Wednesday, June 27, 2007

Secret Messages in DNA...no


There were a lot of blog postings about the evolution articles in yesterday's NYT (for example, JE's, Coturnix's and Larry's), but I don't recall anyone mentioning Dennis Overbye's article. I realize that making fun of bad science journalism is getting to be a rather repetitive joke, but this one is just weird. The article is combining two different topics. The first is about a Japanese group that encoded "E=mc^2" in DNA and introduced it into E. coli. That's a cute but in the end rather useless trick, rather like using DNA to solve cases of the traveling salesman problem (which people have also done). Apparently, the Japanese group seriously thinks that DNA in living organisms could be a practical data storage method, and claims that the problem of mutation could be solved be using multiple copies (which would only slow down the decay, not halt it).
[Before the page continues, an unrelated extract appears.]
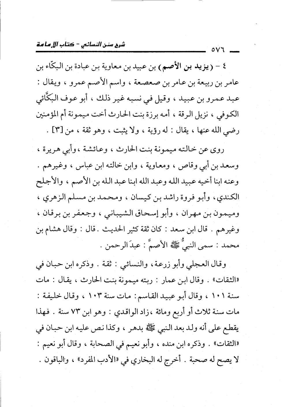 4 - (يزيد بن الأصم) بن عبيد بن معاوية بن عبادة بن البكّاء بن عامر بن ربيعة بن عامر بن صعصعة، واسم الأصم عمرو، ويقال: عبد عمرو بن عبيد، وقيل في نسبه غير ذلك، أبو عوف البكَّائي الكوفي، نزيل الرقة، أمه برزة بنت الحارث أخت ميمونة أم المؤمنين رضي الله عنها، يقال: له رؤية، ولا يثبت، وهو ثقة، من [3].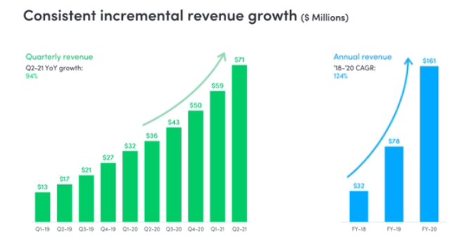 自2018年以来,该公司的收入一直以124%的复合年增长率增长。2021年第一季度末和第二季度末,收入分别同比增长85%和94%。对于2021年全年,管理层预计收入将在2.8亿美元至2.82亿美元之间,同比增长74%至75%。

It gets more disturbing in the second half -- apparently actually taking seriously the idea that messages could be hidden already (by aliens?) in our DNA. I mean, everyone is amused by finding phage proteins that actually contain the word "PHAGE" using single letter amino acid abbreviations, but that's different from actually assigning meaning to the coincidence. The numerous falsified "solutions" to the Voynich manuscript, the supposed Bible Code (and the facetious Moby Dick code), and the endless reinterpretations of Nostradamus suggests that people can find secret messages even when none exist. What's the point of encouraging such nonsense by even seriously considering it in a major newspaper? I expect a crank volume on messages in our genome any day now -- in fact, were I less scrupulous, I'd write it myself under a pseudonym -- I'm sure it would sell.

2 comments:

john varga said...

Correct me if I'm wrong, but in Carl Sagan's "Contact" (the book not the movie) didn't he address this as well?

Of course, he was writing science fiction as opposed to, uh, science fact (?).

Jonathan Badger said...

I can't member exactly (I read Contact probably twenty years ago and I think my copy is still at my parents' place in Wisconsin), but, yes, lots of SF involve secret messages by aliens, whether in DNA or even in the physical constants of the universe.